The cross-sectional areas of the basal genicula (no. 0) were recorded for the small fronds (N=10) and large fronds (N=11) that were not chipped by the knife during collection. The cross-sectional areas of genicula nos 2, 4, 6, 8 and 10 were measured similarly. To avoid any effect of branching on geniculum size, only genicula below the first branching dichotomy were analyzed. Additional geniculum data collected from large fronds were incorporated into the interspecific ANCOVA described above. The effects of size class (fixed factor) and geniculum position (fixed factor) on cross-sectional area (response) were analyzed using a two-way analysis of variance (ANOVA), and the cross-sectional areas of genicula from the two size classes were compared at specific positions using post hoc planned comparisons.

Geniculum breaking forces (F_b) were plotted against cross-sectional areas (A) for all broken genicula within each size class.
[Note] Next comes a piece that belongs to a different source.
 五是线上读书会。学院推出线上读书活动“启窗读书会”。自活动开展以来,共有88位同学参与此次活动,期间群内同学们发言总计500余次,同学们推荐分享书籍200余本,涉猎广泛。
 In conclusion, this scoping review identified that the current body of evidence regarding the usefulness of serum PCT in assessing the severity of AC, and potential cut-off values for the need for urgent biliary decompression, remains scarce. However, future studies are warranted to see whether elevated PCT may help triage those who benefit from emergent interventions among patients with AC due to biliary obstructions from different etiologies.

The effects of size class (fixed factor) and cross-sectional area(covariate) on breaking force (response) were initially analyzed with ANCOVA. However, size class regressions had significantly different slopes and were treated separately.

The breaking stress (σ) of each broken geniculum was calculated by dividing breaking force (F_b) by cross-sectional area(A) (Denny, 1988). Measurement error in cross-sectional area was propagated into calculation error in breaking stress; reported breaking stresses are assumed to be within 5% of the actual value.
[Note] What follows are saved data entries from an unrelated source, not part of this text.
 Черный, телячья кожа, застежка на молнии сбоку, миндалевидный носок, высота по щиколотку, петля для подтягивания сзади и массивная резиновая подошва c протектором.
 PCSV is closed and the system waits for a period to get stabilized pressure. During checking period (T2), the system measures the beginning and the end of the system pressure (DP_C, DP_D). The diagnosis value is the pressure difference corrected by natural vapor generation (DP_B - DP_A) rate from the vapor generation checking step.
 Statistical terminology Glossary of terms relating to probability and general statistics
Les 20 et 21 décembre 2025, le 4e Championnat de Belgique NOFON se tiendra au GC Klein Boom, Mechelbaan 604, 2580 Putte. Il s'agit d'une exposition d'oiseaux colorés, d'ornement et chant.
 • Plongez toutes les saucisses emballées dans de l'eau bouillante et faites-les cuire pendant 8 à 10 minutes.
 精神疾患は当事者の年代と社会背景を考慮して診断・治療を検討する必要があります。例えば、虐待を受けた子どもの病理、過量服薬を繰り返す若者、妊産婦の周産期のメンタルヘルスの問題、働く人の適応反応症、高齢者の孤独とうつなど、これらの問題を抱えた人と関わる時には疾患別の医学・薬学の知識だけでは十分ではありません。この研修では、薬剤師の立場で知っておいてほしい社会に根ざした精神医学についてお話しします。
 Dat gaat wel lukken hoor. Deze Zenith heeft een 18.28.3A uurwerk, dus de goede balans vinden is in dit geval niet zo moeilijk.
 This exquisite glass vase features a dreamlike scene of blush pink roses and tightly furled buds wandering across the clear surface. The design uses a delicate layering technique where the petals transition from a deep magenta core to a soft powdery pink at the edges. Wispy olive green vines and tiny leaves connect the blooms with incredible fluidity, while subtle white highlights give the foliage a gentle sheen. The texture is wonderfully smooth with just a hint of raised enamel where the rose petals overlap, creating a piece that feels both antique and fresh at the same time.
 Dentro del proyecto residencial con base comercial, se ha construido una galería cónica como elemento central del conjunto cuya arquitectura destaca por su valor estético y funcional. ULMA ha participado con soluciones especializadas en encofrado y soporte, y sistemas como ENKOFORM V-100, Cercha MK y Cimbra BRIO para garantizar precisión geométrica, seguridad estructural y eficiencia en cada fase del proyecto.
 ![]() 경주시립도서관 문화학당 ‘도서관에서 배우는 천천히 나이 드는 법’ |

The mean breaking stress of each frond was calculated by averaging together the breaking stresses of its broken genicula. Interspecific variation in the large size class was evaluated using a Student's t-test. Calliarthron species were not significantly different and breaking stress data from the large size class were pooled. The mean breaking stresses of fronds from each size class were compared using a Student's t-test. Mean breaking stresses of fronds from the large size class were nominally compared with the breaking stresses of flexible macroalgae.
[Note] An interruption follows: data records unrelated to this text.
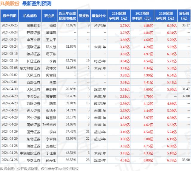根据近三年发布的研究报告数据,TF证券来舒楠的研究人员团队对此进行了深入的研究,近三年的预测准确度平均值为 预测70.88% 2024 年度归属净利润为利润 3.51 十亿,根据现价转换预测。 PE 为 25.11。
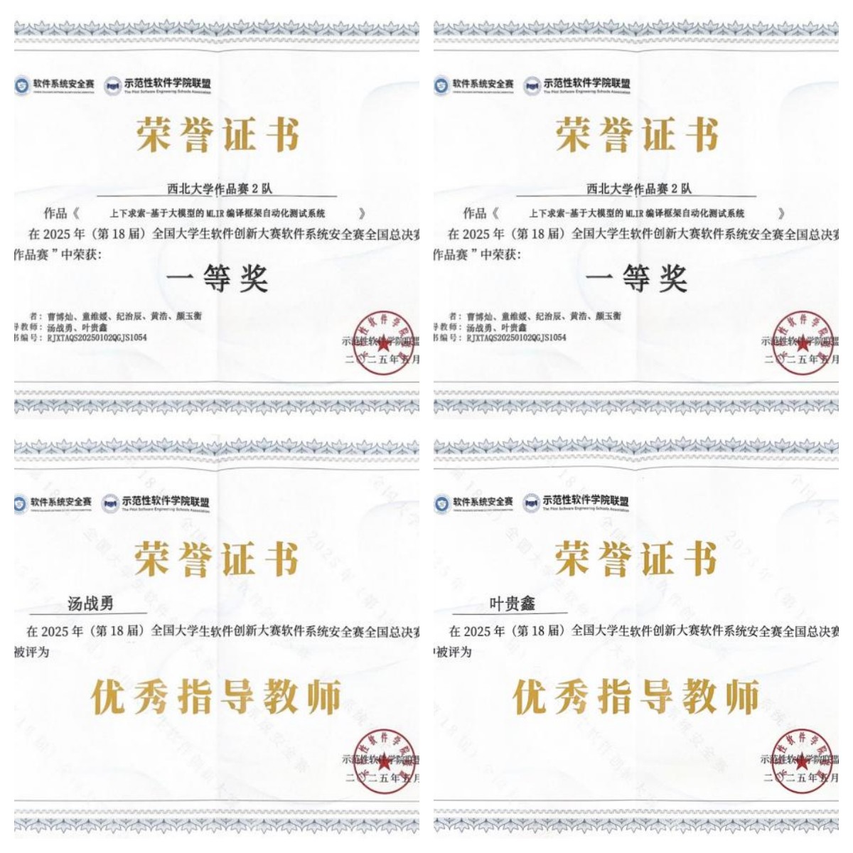 5月17日至18日,由示范性软件学院联盟主办的2025年第18届全国大学生软件创新大赛-软件系统安全赛全国总决赛圆满落幕。米兰买球信息科学与技术学院的两支参赛队伍从全国406所高校1780支队伍中胜出,分别摘得作品赛一等奖第一名、攻防赛二等奖的佳绩。汤战勇和叶贵鑫荣获“优秀指导教师一等奖”。
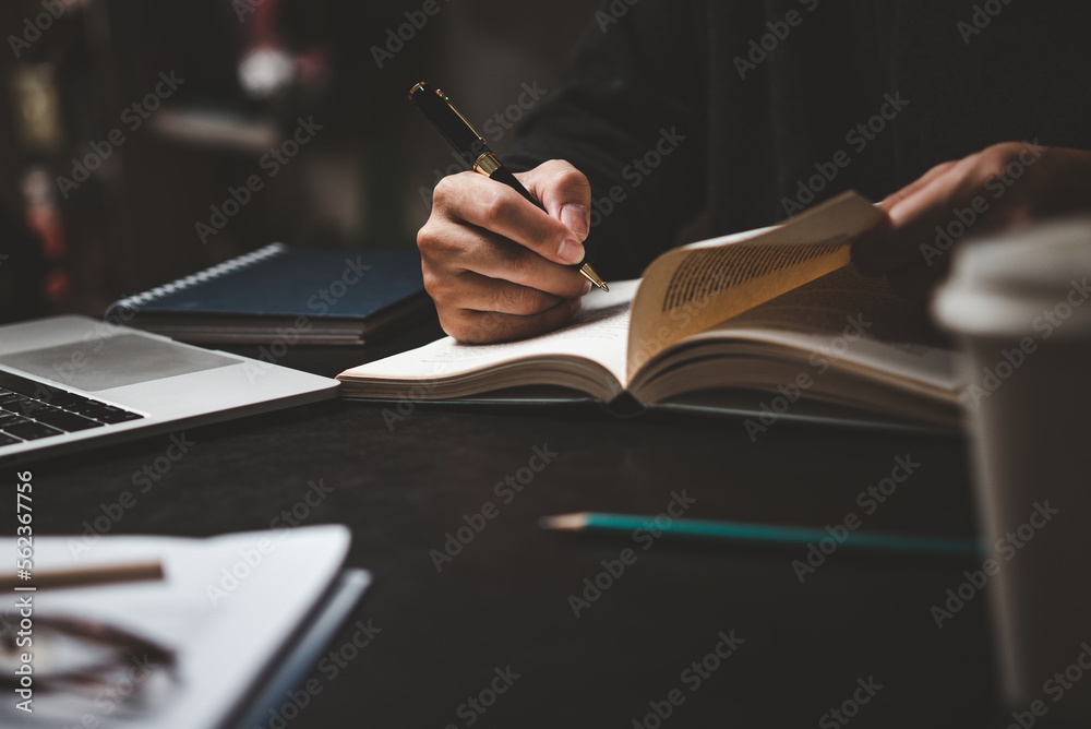 Businessperson reading and writing on book.education studying knowledge development and cognition learning concept.
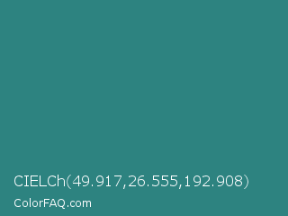 CIELCh 49.917,26.555,192.908 Color is a normal cyan color and the nearest color is Celadon Green #2f847c. Hex code #2d8380 and RGB value is rgb(45,131,128). In RGB color space, this color is composed of 18% red, 51% green, 50% blue, In CMYK color space, this color is composed of 66% cyan, 0% magenta, 2% yellow , 49% black , In HSL color space, this color has a hue angle of 178° , 49% saturation and 35% lightness.
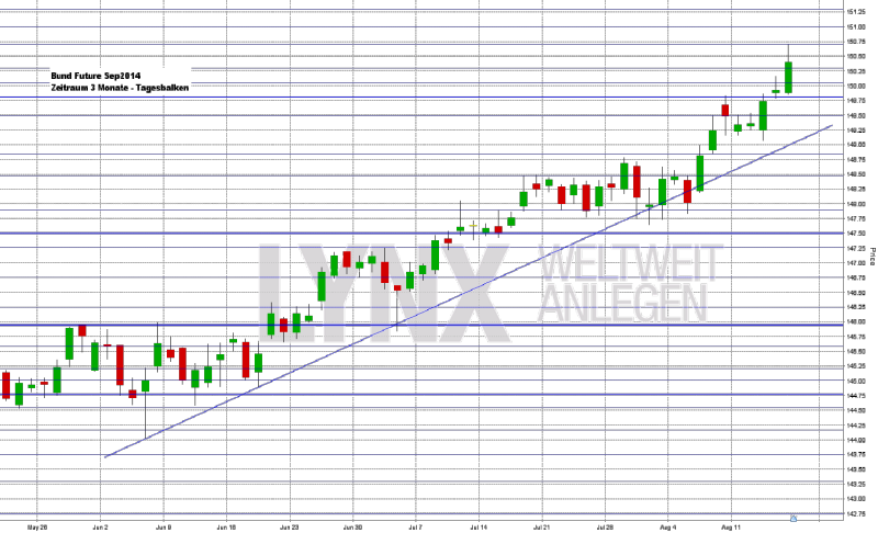 Sehr klar und ohne Zweifel setzte sich die angepeilte Long-Seite auch in den letzten fünf Handelstagen durch und der Bund-Future erreichte ohne große Probleme mehrfach neue Allzeithochs. Mit dem Freitagshandel bremste der Markt dann zunächst kurz vor der Marke von 150,75 Punkten, was auch den höchsten Kurs der Woche darstellte. Der Freitagsschlusskurs lag dann nur geringfügig unter dem Hoch im Bereich von 150,35 Punkten. Die aggressive Short-Idee an der 150-Punkte-Marke musste mit einem leichten Minus geschlossen werden. Der mittlerweile schon historische Lauf des Bund-Futures sollte auch in den kommenden Tagen nicht zwingend zum Erliegen kommen. Der Trend ist weiterhin klar long und Kurse über der eingezeichneten Trendlinie unterstützen diese Annahme. Long-Trades an Unterstützungen sollten somit weiterhin positive Ergebnisse liefern. Die Short-Seite stellt aus aktueller Sicht keine Option dar.
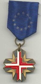 ORDRE du MÉRITE FÉDÉRAL Créé le 7 septembre 1951 par le Président Théodore HEUSS, cet Ordre est le premier Ordre de la République Fédérale et est destiné à récompenser les services exceptionnels. Cet Ordre comporte 7 classes, dont les insignes diffèrent selon les classes, de telle sorte qu'il existe quatre plaques différentes : à 8, 6 ou 4 grandes pointes et à 4 petites pointes, sur lesquelles est fixée la croix patée rouge. La croix de 1° classe (en bas à gauche) se porte sans ruban. A l'Ordre est attachée une "Médaille de l'Ordre du Mérite"(en bas à droite) à 1 seule classe en or.
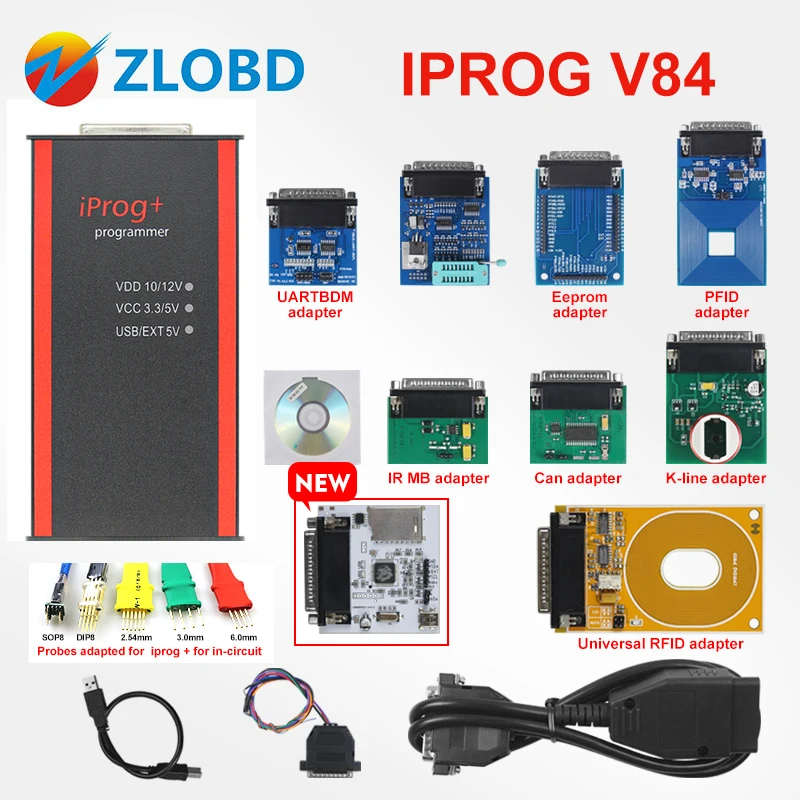 Это пачка для V84 Iprog +, переходники датчиков, IPROG Plus PCF79xx sd-карта адаптер и универсальный RDIF адаптер
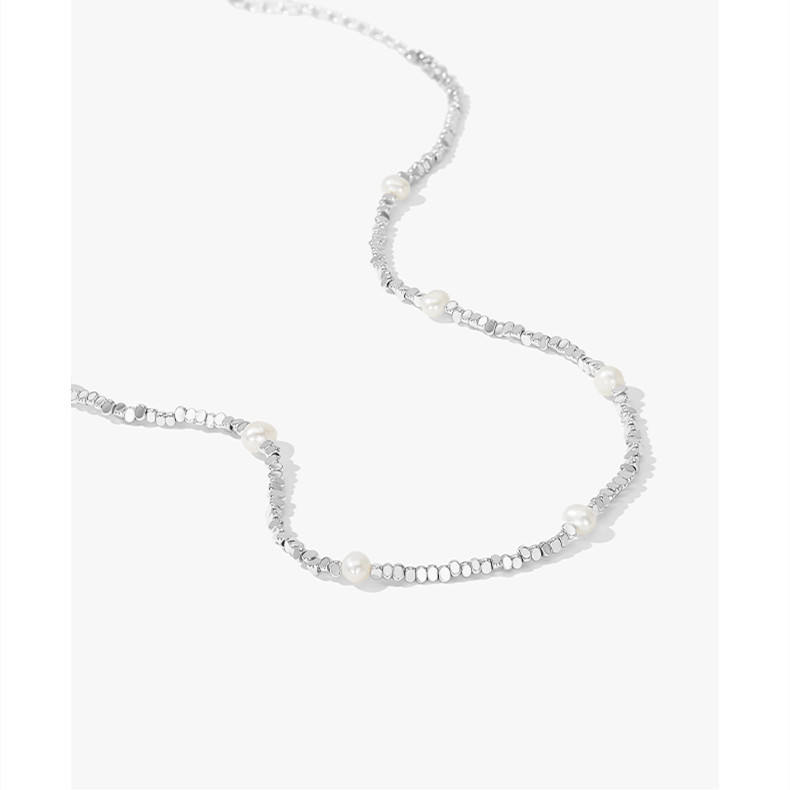 Collar de Gargantilla Fina de Alta Gama para Mujer, Lujo Ligero, Perla de Agua Dulce, Diseño de Nicho Famoso en Internet, Plata Desgastada

Digital photographs were taken of the broken fronds once they were arranged and taped down. This organization of frond segments allowed each broken geniculum to be paired with all segments distal to it, as these segments comprise the portion of the frond the geniculum must support in flow(Fig. 3A). The planform areas(S) of the distal segments were measured using an image analysis routine written in LabView (version 6.0.2, National Instruments Corporation,Austin, TX, USA). Measurement error was estimated by repeatedly calculating the planform areas of seven frond segments. On average, repeated planform area measurements deviated from the mean by 4%. For each large frond, the breaking force (F_b), cross-sectional area (A), and breaking stress (σ) of each broken geniculum were correlated to the planform area of the frond (S) distal to and supported by that geniculum in flow. Data from each frond were tested separately using regression analyses. The effect of planform area (covariate) on geniculum breaking force (response) for all fronds from the large size class (fixed factor) was analyzed using ANCOVA.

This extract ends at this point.